Better existing process detection would help that greatly I'm sure.

Chris

> -----Original Message-----
> From: pgsql-hackers-owner@postgresql.org
> [mailto:pgsql-hackers-owner@postgresql.org]On Behalf Of Kevin Brown
> Sent: Friday, 31 January 2003 11:24 AM
> To: PostgreSQL Development
> Subject: [HACKERS] On file locking
>
>
> I've been looking at the PID file creation mechanism we currently use.
> It goes through a loop in an attempt to create the PID file, and if
> one is there it attempts to remove it if the PID it contains no longer
> exists (there are checks for shared memory usage as well).
>
> This could be cleaned up rather dramatically if we were to use one of
> the file locking primitives supplied by the OS to grab an exclusive
> lock on the file, and the upside is that, when the locking code is
> used, the postmaster would *know* whether or not there's another
> postmaster running, but the price for that is that we'd have to eat a
> file descriptor (closing the file means losing the lock), and we'd
> still have to retain the old code anyway in the event that there is no
> suitable file locking mechanism to use on the platform in question.
>
> The first question for the group is: is it worth doing that?
>
> The second question for the group is: if we do indeed decide to do
> file locking in that manner, what *other* applications of the OS-level
> file locking mechanism will we have?  Some of them allow you to lock
> sections of a file, for instance, while others apply a lock on the
> entire file.  It's not clear to me that the former will be available
> on all the platforms we're interested in, so locking the entire file
> is probably the only thing we can really count on (and keep in mind
> that even if an API to lock sections of a file is available, it may
> well be that it's implemented by locking the entire file anyway).
>
> What I had in mind was implementation of a file locking function that
> would take a file descriptor and a file range.  If the underlying OS
> mechanism supported it, it would lock that range.  The interesting
> case is when the underlying OS mechanism did *not* support it.  Would
> it be more useful in that case to return an error indication?  Would
> it be more useful to simply lock the entire file?  If no underlying
> file locking mechanism is available, it seems obvious to me that the
> function would have to always return an error.
>
>
> Thoughts?
>
>
>
> --
> Kevin Brown                          kevin@sysexperts.com
>
> ---------------------------(end of broadcast)---------------------------
> TIP 4: Don't 'kill -9' the postmaster
>



Re: On file locking

From
Rod Taylor
Date:
> file descriptor (closing the file means losing the lock), and we'd
> still have to retain the old code anyway in the event that there is no
> suitable file locking mechanism to use on the platform in question.
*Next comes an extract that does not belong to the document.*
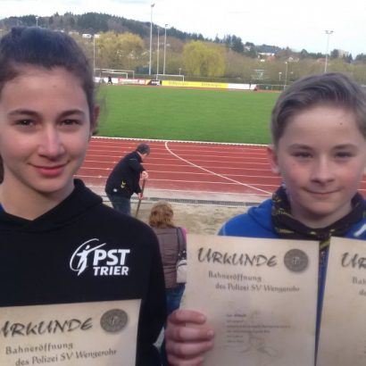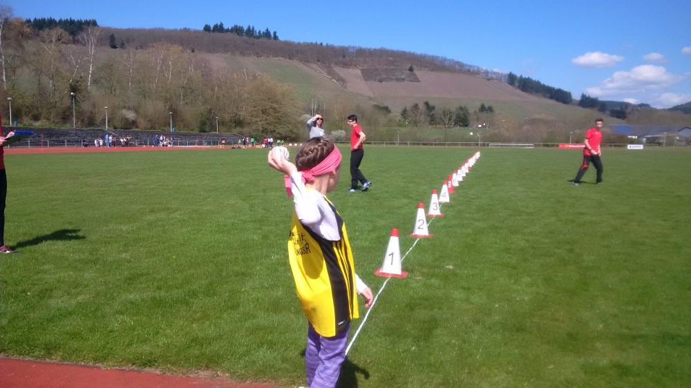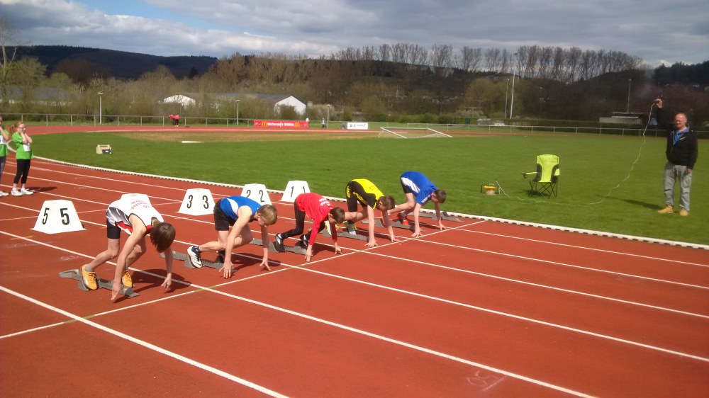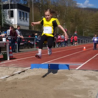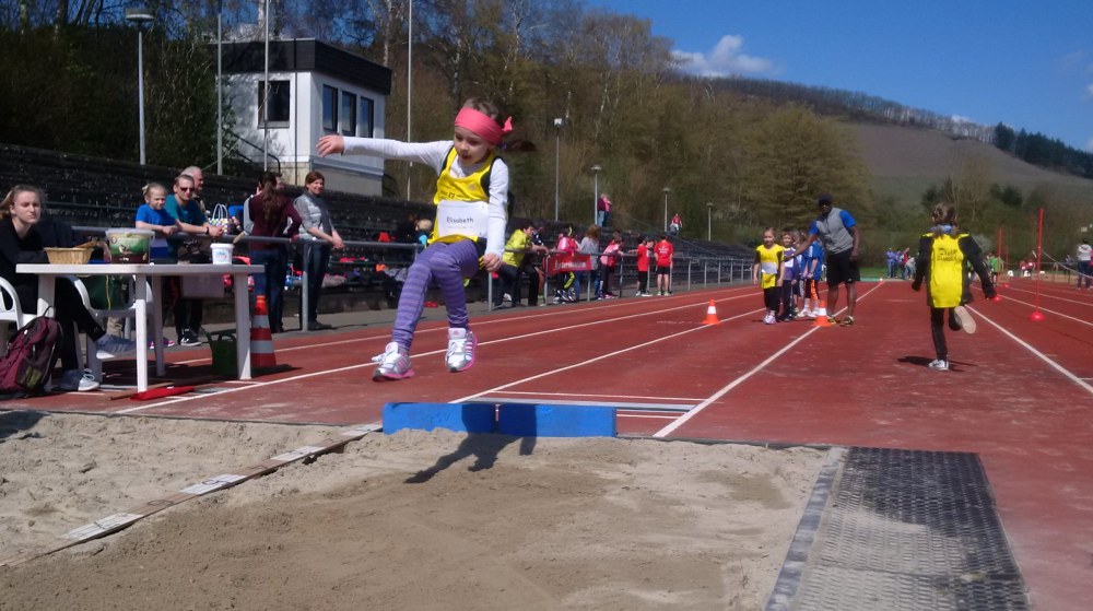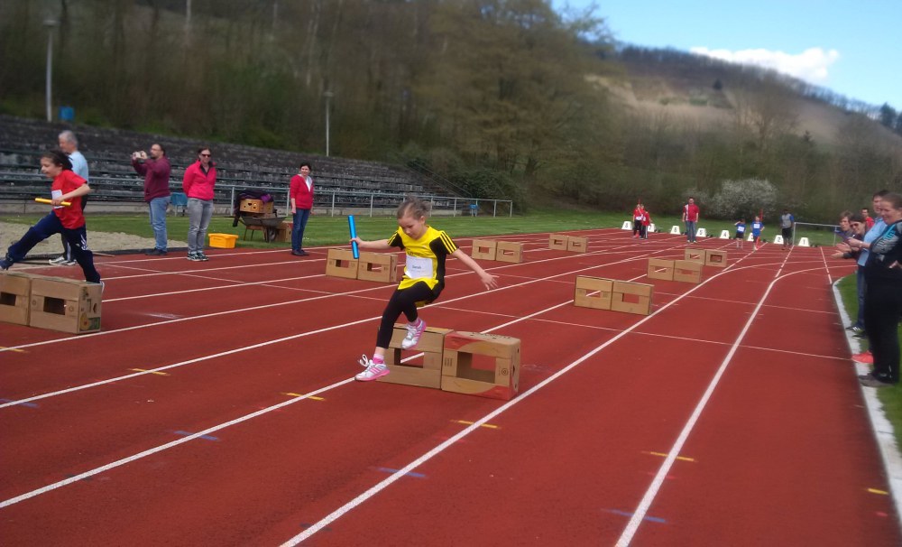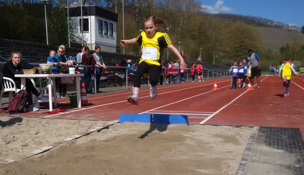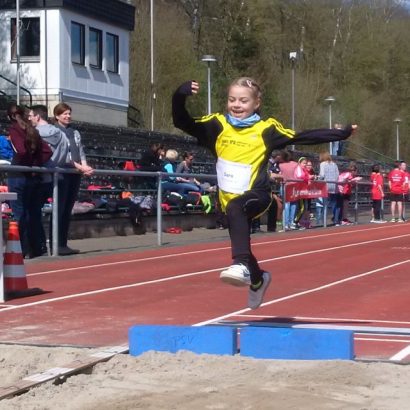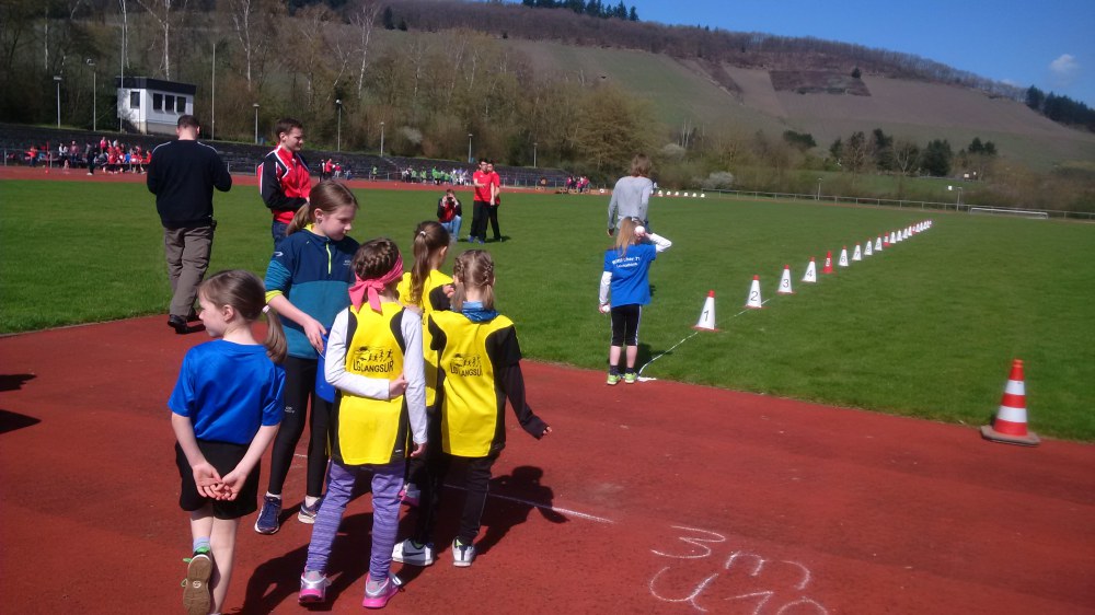 Am Samstag, 9.4.2016 war die LG Langsur Jugendgruppe in Wittlich bei einem Leichtathletikwettkampf am Start. Um 11:30 Uhr startete das gemeinsame Aufwärmen der Kinderleichtathletikgruppen der Altersklasse U10 bei tollem Sonnenschein. Unsere drei U10 Mädels bildeten eine Gruppe zusammen mit dem Wittlicher TV. Die Gruppe sammelte gemeinsam Punkte im Weitwurf, Weitsprung und bei einer Hürdenstaffel über Bananenkisten. Alle hatten viel Spaß und die Mädels haben sich super geschlagen.

What is the gain given the above statement?  If what we currently do can
cause issues (fail), then beefing it up where available may be useful --
but otherwise it's just additional code.
--
Rod Taylor <rbt@rbt.ca>

PGP Key: http://www.rbt.ca/rbtpub.asc

Re: On file locking

From
Tom Lane
Date:
Kevin Brown <kevin@sysexperts.com> writes:
> This could be cleaned up rather dramatically if we were to use one of
> the file locking primitives supplied by the OS to grab an exclusive
> lock on the file, and the upside is that, when the locking code is
> used, the postmaster would *know* whether or not there's another
> postmaster running, but the price for that is that we'd have to eat a
> file descriptor (closing the file means losing the lock),

Yeah, I was just thinking about that this morning.  Eating one file
descriptor in the postmaster is absolutely no problem --- the postmaster
doesn't have all that many files open anyhow.  What I was wondering was
whether it was worth eating an FD for every backend process, by holding
open the file inherited from the postmaster.  If we did that, we would
have a reliable way of detecting that the old postmaster died but left
surviving child backends.  (As I mentioned in a nearby flamefest, the
existing interlock for this situation strikes me as mighty fragile.)

But this only wins if a child process inheriting an open file also
inherits copies of any locks held by the parent.  If not, then the
issue is moot.  Anybody have any idea if file locks work that way?
Is it portable??

> The second question for the group is: if we do indeed decide to do
> file locking in that manner, what *other* applications of the OS-level
> file locking mechanism will we have?

I can't see any use in partial-file locks for us, and would not want
to design an internal API that expects them to work.
        regards, tom lane


Re: On file locking

From
Giles Lean
Date:
> This could be cleaned up rather dramatically if we were to use one of
> the file locking primitives supplied by the OS to grab an exclusive
> lock on the file, ...
> ...
> The first question for the group is: is it worth doing that?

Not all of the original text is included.